Para Maestro ini sepanjang kariernya hampir lebih dari setengah abad  itu telah mendarmabaktikan kecakapan mereka selain menjaga, menggubah karya seni tradisi, melakoninya penuh kesetiaan dan sustainablity. Mereka juga secara langkah dan geraknya mewariskannya kepada generasi berikutnya sebagai mutiara bernilai tinggi.

Sajian para maestro kali ini diharapkan jadi meningkatkan apresiasi, menumbuhkan kepedulian, dan memantik daya kreatif dalam upaya pemeliharaan dan pengembangan seni dan budaya di Indonesia.

Kekayaan dan keragaman kesenian tradisi Indonesia bukanlah warisan benda mati, melainkan aset hidup yang sangat berharga, yang dapat memperkuat kearifan sosial, ketahanan martabat, dan pertumbuhan sosial-ekonomi seniman dan masyarakat pendukungnya.

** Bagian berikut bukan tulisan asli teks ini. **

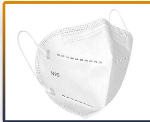
N95 Surgical Face Mask

Lebih dari itu, kesenian tradisi dengan segala kekayaan dan keragamannya sudah semestinya bisa menjadi sumber penciptaan bagi seniman modern yang hendak memperluas, memperdalam atau memperbaharui karya mereka. Bahkan, jika perlu, ia bisa berdiri sejajar dan menjadi lawan dialog seni modern dalam menciptakan kesenian yang lebih bermutu dan memperbaharui hidup kita.

Pentas Panggung Maestro pertama diselenggarakan pada Juli 2023, dan pada 15-16 Agustus 2024 di Gedung Kesenian Jakarta (GKJ) dalam rangka turut memperingati Hari Kemerdekaan Republik Indonesia ke-79.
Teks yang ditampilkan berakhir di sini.